The philosophy behind MKL is that each CPU vendor provides an MKL for their CPU. If you expect to mix and match MKLs and CPUs, you don’t understand the goals of MKL.


That would be 'each CPU vendor provides an optimized BLAS library for their CPU'. The problem is that Intel's MKL is more than just BLAS.

But AMD does have its own optimized libraries:

https://developer.amd.com/amd-aocl/


Each CPU vendor or each CPU architecture? (genuinely asking, I don't know how it's intended)


The expectation in the HPC community is that an interested vendor will provide their own BLAS/LAPACK implementation (MKL is a BLAS/LAPACK implementation, along with a bunch of other stuff), which is well-tuned for their hardware.
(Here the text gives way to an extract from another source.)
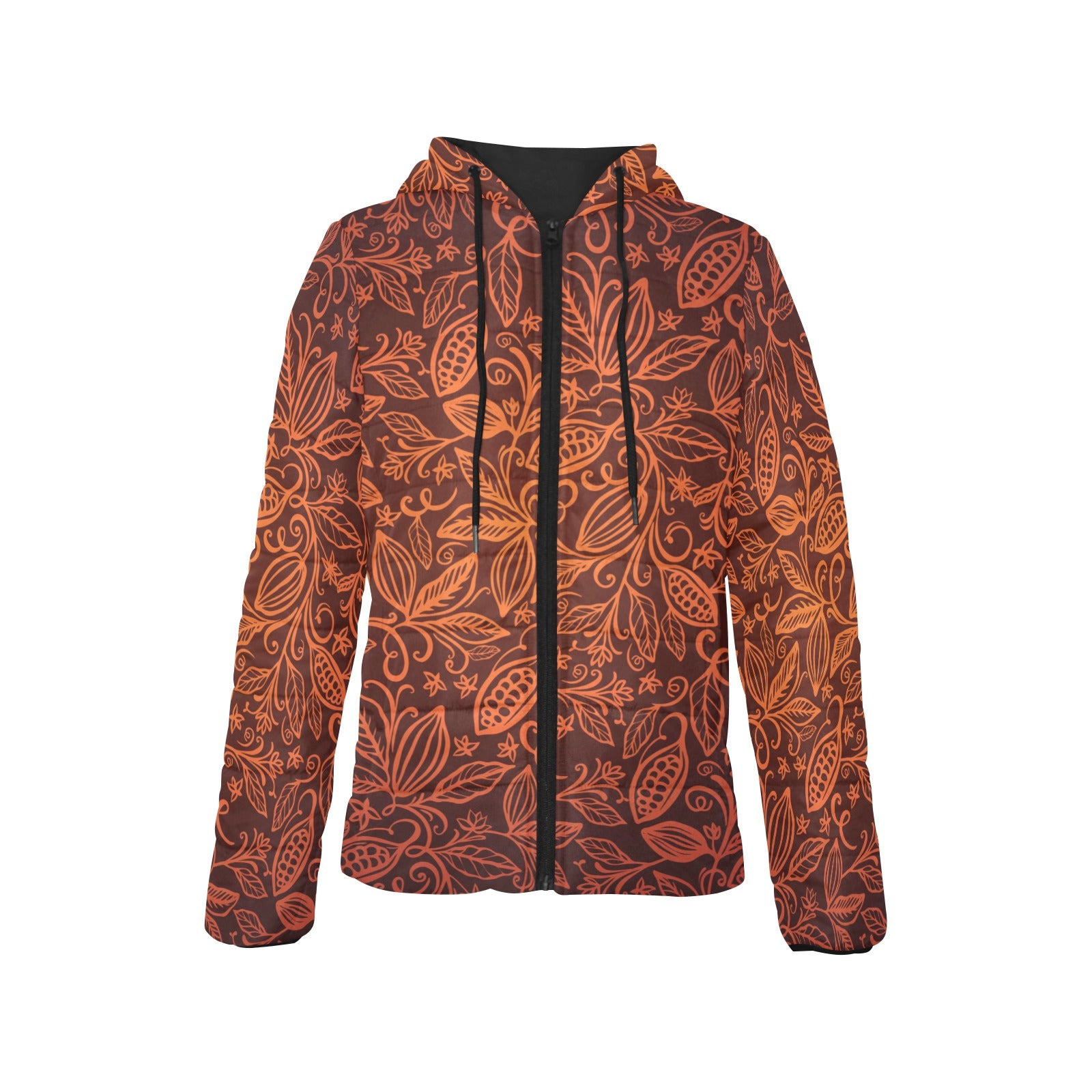 cacao beans tribal polynesian pattern Women's Padded Hooded Jacket

These sort of libraries aren't just tuned for an architecture, they might be tuned for a given generation or even particular SKUs.


I learned about this recently when trying to optimize ML test architecture running on Azure. It turns out having access to Ice Lake chips would allow optimizations that should decrease compute time and therefore cost by 20-30%.
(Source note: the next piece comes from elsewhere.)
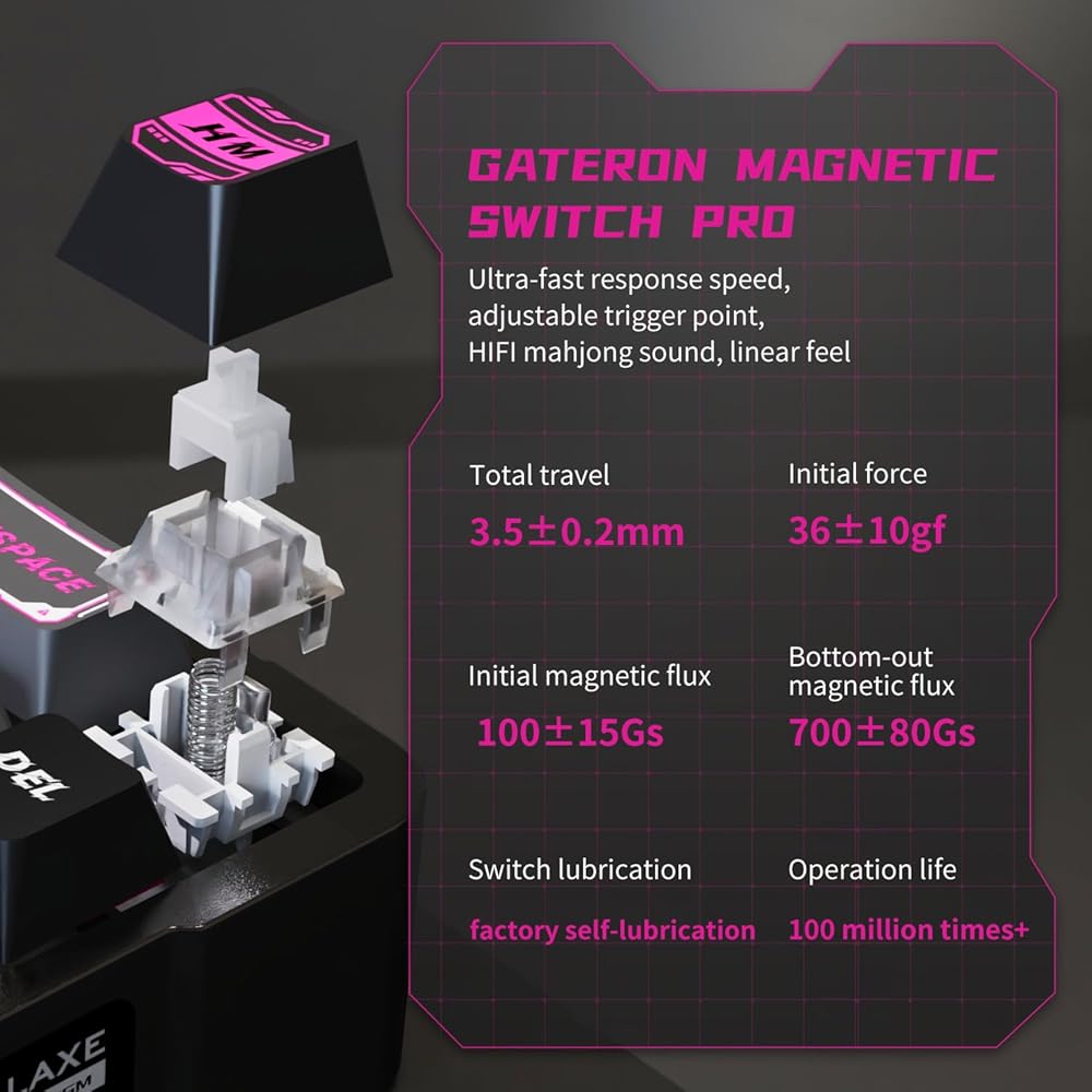 【Gateron Magnetic Switch Pro】ميزاته هي سرعة استجابة فائقة السرعة، ونقطة تشغيل قابلة للتعديل، وصوت HiFi mahjong، وإحساس خطي. هذا هو المفتاح المتطور الذي يجمع بين السرعة والمتانة والتخصيص، وهو مناسب للمستخدمين الذين يسعون للحصول على الأداء النهائي والتجربة الفريدة.

Some AVX-512 stuff I guess?

AVX-512 had a rough rollout, but it seems like it is finally turning into something nice.


Each vendor. Intel BLAS (MKL) has Intel-specific optimizations and AMD BLAS has AMD-specific optimizations.
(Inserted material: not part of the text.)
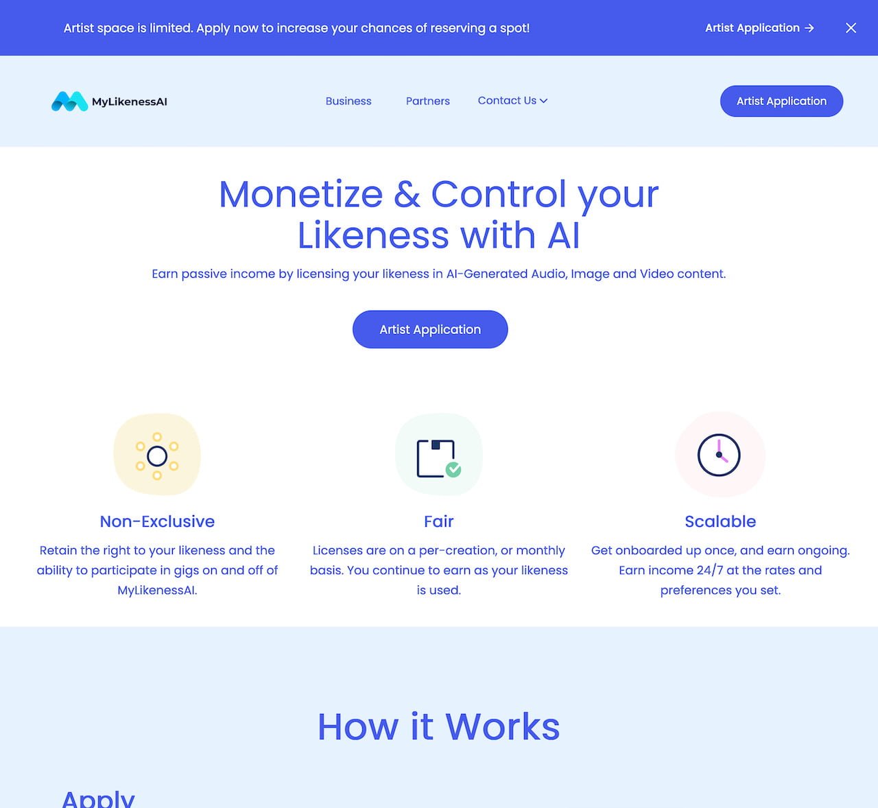 likeness licensing platform for generative AI that enables artists to monetize and control their likeness in AI-generated content. Generative AI companies can integrate the engine for free, while businesses gain confidence in using AI likenesses commercially with proper licensing and legal protection.

Intel is still acting in bad faith by allowing MKL to run in crippled mode on AMD. They should either let it use all available instructions or make it refuse to run.


The latest oneMKL versions have sgemm/dgemm kernels for Zen CPUs that are almost as fast as the AVX2 kernels (that require disabling Intel CPU detection on Zen).


Are there any implementations of MKL other than Intel's?


No. There are AMD's AOCL and Apple's 'Accelerate', but of subsets of the MKL only AFAIK.

https://developer.amd.com/amd-aocl/ https://developer.apple.com/documentation/accelerate


Accelerate and MKL have some overlap (notably BLAS, LAPACK, signal processing libraries and basic vectorized math operations), but each also contains a whole bunch of API that the other lacks. Neither is a subset of the other.

They both contain a sparse matrix library, but exactly what operations are offered is somewhat different between the two. They both have image processing operations, but fairly different ones. Accelerate has BNNS, MKL has its own set of deep learning interfaces...


In case you or anyone else knows, are there other libraries that implement a high performance sparse QR? Really, I need a Q-less QR factorization for sparse matrices. As far as I know, there are only two: one comes from MKL:

https://www.intel.com/content/www/us/en/developer/articles/t...

The other comes from SPQR, which is part of SuiteSparse:

https://people.engr.tamu.edu/davis/suitesparse.html

Part of the issue is that SPQR is dual licensed GPL/Commercial and the last time I checked a license was not cheap. Conversely, MKL has no redistribution fee, so it's been essentially the only option for this factorization if the code can't be bundled in a way compatible with the GPL.


Replying to [dead] sibling post from kxyvr: yes, Accelerate provides a Q-less sparse QR on Apple platforms (https://developer.apple.com/documentation/accelerate/sparse_..., in particular SparseFactorizationCholeskyAtA). I believe that MA49 from HSL does it as well, and may have more acceptable licensing than SuiteSparse depending on your situation.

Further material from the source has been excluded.